Because of this, the mean is the most widely used unit for measuring central tendency. It is possible to estimate the means from several populations by simultaneously comparing the pairwise differences between their CIs for this parameter provided that each population is independently and identically distributed (i.i.d.). If we compare two populations using the difference between their means, this difference is probably going to be small, and thus firm and conclusive inference is difficult. Hence, when investigating multiple populations, simultaneously comparing the ratios of the means is more accurate than the differences between the means. Meanwhile, Ren et al. [
6] provided simultaneous CIs for the difference between the means of several ZIG distributions based on the fiducial approach. Wang et al. [
7] proposed CIs for the difference between the means of two gamma populations. Maneerat et al. [
8] constructed Bayesian CIs for a single mean and the difference between two means of delta-lognormal distributions. Maneerat et al. [
9] created simultaneous CIs for the difference between the means of several delta-lognormal distributions based on a PB, a fiducial generalized CI (GCI), the MOVER, and Bayesian credible intervals. Malekzadeh and Kharrati-Kopaei [
10] constructed simultaneous CIs for the pairwise quantile differences of several heterogeneous two-parameter exponential distributions. Jana and Gautam [
11] proposed CIs of difference and ratio of means for zero-adjusted inverse Gaussian distributions using MOVER and Bayesian approaches. Long et al. [
12] suggested population mean ratio estimators that used either the first or third quartiles of the auxiliary variable. Indeed, Maneerat and Niwitpong [
13] created CIs for the ratio of the means of two delta-lognormal distributions using Bayesian credible intervals, fiducial GCI, and MOVER. Zhang et al. [
14] created simultaneous CIs for the ratios of the means of several zero-inflated log-normal distributions using fiducial method and the MOVER. Therefore, datasets of daily rainfall from the six regions in September 2021 were selected. These data comprise positive values that conform to a gamma distribution rather than a lognormal distribution. However, creating simultaneous CIs for the ratios of the means of several ZIG distributions has not yet been reported. Moreover, the applicability of using simultaneous CIs for the ratios of the means of rainfall datasets from several regions that fit ZIG distributions is also an interesting research topic.
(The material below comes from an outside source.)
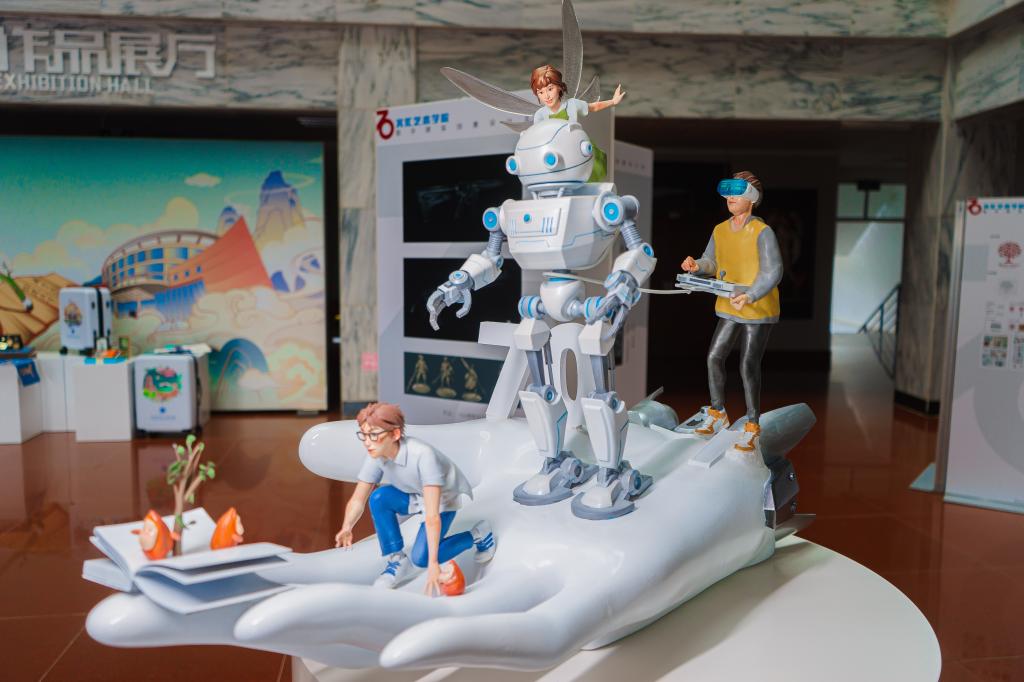 《托举70周年》采用3D打印技术制作,带推进器的大手代表进取的学校,承载学生们的梦想与未来;机器人代表未来的人工智能时代;天上飞的女生代表人文类专业,赋予机器人灵魂与思想;前面的眼镜男孩代表大气、资环等专业,起到领头人的作用,同时保护银杏树下的小果仁;后面拿控制器的黄衣男孩代表计算机、电子信息工程等技术类专业,是未来的制造者。
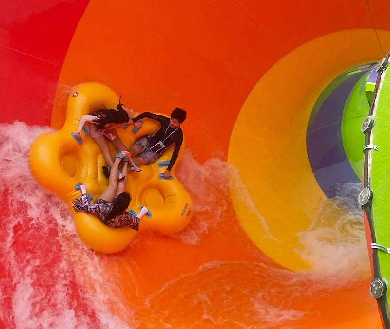 For example, in the incredible Funnel web in Jamberoo Action Park, you’ll drop at 30 km/h deep into the spider’s funnel, you will see the world's biggest spider sculpture just at the side of tornado slide, you will get unique experience. The cloverleaf tube raft with seat pad from Guangdong H-Fun ensure your safety on the slide, but it can only take 4 players each time, so you need to wait if there are many palyers.

In this study, we constructed simultaneous CIs for the ratio of the means of several ZIG populations (k > 2), and we used k = 3 or 6 to estimate the ratio of the means of natural rainfall datasets from six regions in Thailand during September at the height of the rainy season. The fiducial GCI approach, Bayesian, and HPD interval methods based on the Jeffreys’rule or uniform prior, and the MOVER were used to construct simultaneous CIs in this study. The study of Ren et al. [
6] served as our inspiration for adopting the fiducial approach to construct simultaneous CIs, while the use of several priors by Maneerat et al. [
9] served as our inspiration for developing simultaneous CIs for disparities in the HPD interval and the MOVER. These studies motivated our contribution to this research area of creating simultaneous CIs based on our suggested techniques to clarify the pairwise ratios between the means of multiple ZIG distributions. We calculated the pairwise ratios of the means of daily rainfall records from the Northern, Northeastern, Central, Eastern, Western, and Southern regions of Thailand as a practical demonstration. Importantly, this method could be applied to identify and foretell natural disasters in a specific region
The rest of this paper is organized as follows. In
Section 2, we provide the methodologies for the methods to estimate the simultaneous CIs for the ratios of the means of multiple ZIG populations. In
Section 3 and
Section 4, we conduct simulation studies and analyze a rainfall dataset from six regions in Thailand. Finally, a discussion and conclusions are offered in
Section 5 and
Section 6, respectively.
2. Materials and Methods
For
k populations of observations, the probability of observing a zero response is represented
in the
ith group, while the nonzero observations fit a gamma distribution. For sample
,
randomly generated from a ZIG distribution, the
is derived as
where
is the probability density function (pdf) of the gamma distribution with shape parameter
and rate parameter
, and
. The probability of containing zero observations follows binomial distribution denoted as
, while
, where
and
are the numbers of zero and nonzero values, respectively.
Krishnmoorthy et al. [
15] and Krishnmoorthy and Wang [
16] showed that
can be transformed by using the cube-root approximation. As a result,
follows a normal distribution with the mean and variance respectively given by
Since
is the mean of a gamma distribution,
and
can be respectively rewritten to yield
Thus,
is the mean of a gamma distribution and
, where
, is the mean of a ZIG distribution.
The simultaneous CIs for the ratios of the means of several ZIG populations are what we are interested in creating, and so
where
and
.
One can respectively replace , and with their maximum likelihood estimators as follows: , and . Thus .
Similarly, the simultaneous CIs for the ratios of the means of several ZIG populations can be defined as
2.1. The Fiducial GCI Method
Hannig et al. [
17] first introduced the fiducial generalized pivotal quantity (GPQ), a subclass of the GPQ, to construct the simultaneous fiducial approach. Let
,
be a random sample from a ZIG distribution with parameter of interest
across
k independent samples and assume that
,
represents
observations. The GPQ of
is referred to as a fiducial GPQ if it satisfies the following two requirements:
The conditional distribution is parameter-free for each .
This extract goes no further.